Thank you. The next question is on the line for Anubhav Goel from Cosma Ventures. Please go ahead.
I just wanted the question on Monroe. These five observations we have got, any particular observation which can set us back, tougher to resolve, or are we broadly confident we should get through?
It's always hard to predict, but we think we are pretty confident that we should be able to restart commercial manufacturing soon.
Okay, sir. For just one more question on the Indian business, our secondary sales is doing very well. I think you mentioned from Q3, we expect our India numbers to be strong. Q2 should be soft for the India unit?
What we're saying is that, you know, the secondary sales will catch up with IMS, IQVIA, and AWAX, right, starting from Q3 onwards.
This divergence is largely because of the discontinuation of the tail end brand.
That's correct. It's basically moving up to higher margin products, right, and focusing on that, discontinuing some of the low margin tail end brands.
Got it, sir. All right, sir. Thank you.
Thank you so much.
Thank you. Ladies and gentlemen, that was our last question. I would now like to hand the call over to Mr. Utkarsh Gandhi for his closing comments.

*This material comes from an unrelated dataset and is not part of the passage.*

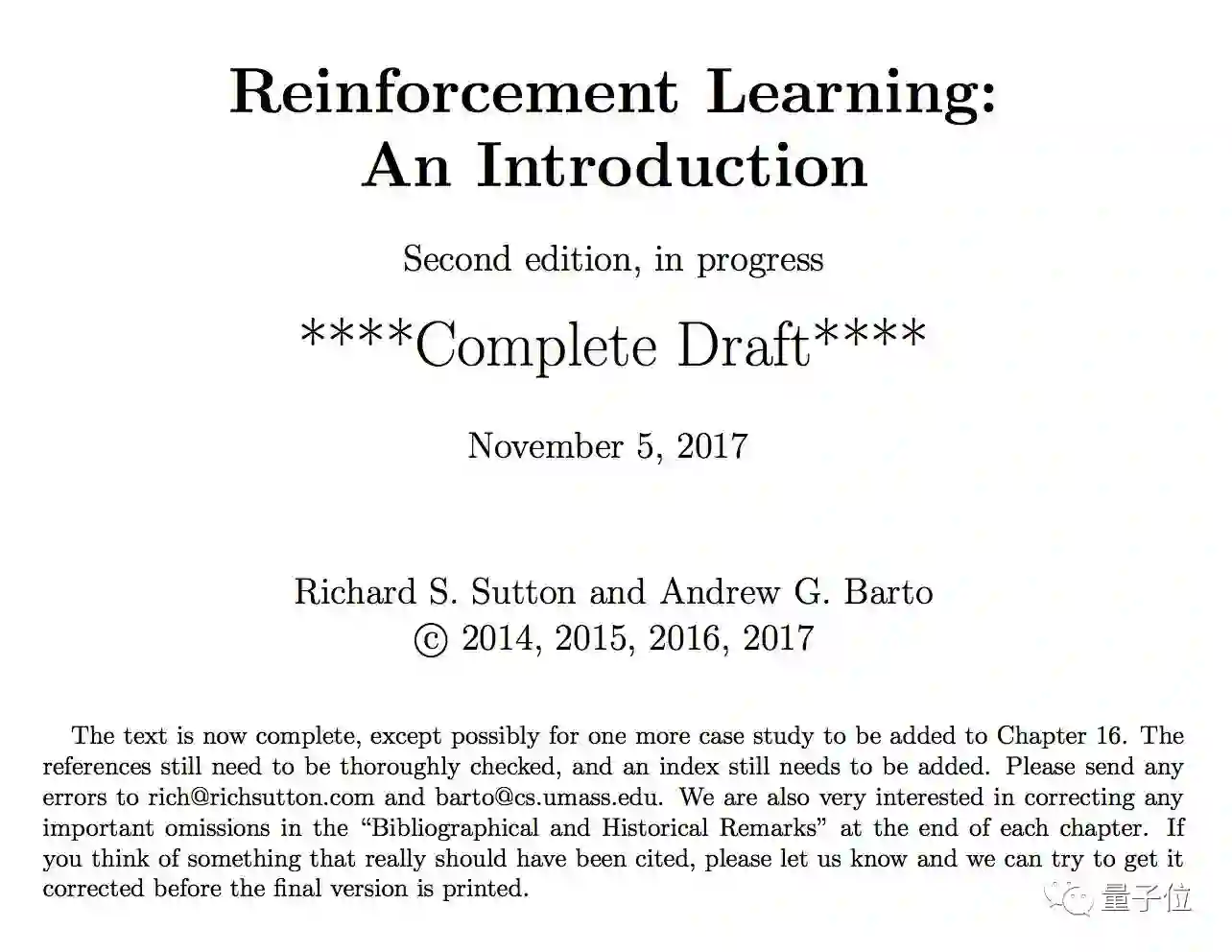 萨顿:第二版的完整草稿目前已经可以在richsutton.com上看到。Andy Barto和我正在定稿:验证所有的参考文献,诸如此类。印刷版将于明年初发行。

Thanks, Salir. Before we close the call, I'd just like to mention the disclaimer that discussing information statements and analysis made describing the company or its affiliates' objectives, projections, and estimates are forward-looking statements based on current expectations, forecasts, and assumptions that are subject to risk and uncertainties which could cause actual outcomes and results to differ materially. This discussion should not be regarded by recipients as a substitute for the exercise of their own judgment. The company undertakes no obligation to update or revise its forward-looking statements because of new information, future events, or otherwise. With that, we can close the call, the Q1 call. Thank you, everyone, for joining. Thanks, Lizanne.
Thank you, members of the management team. Ladies and gentlemen, on behalf of Glenmark Pharmaceuticals Limited, that concludes this conference call. We thank you for joining us, and we will now disconnect the line. Thank you.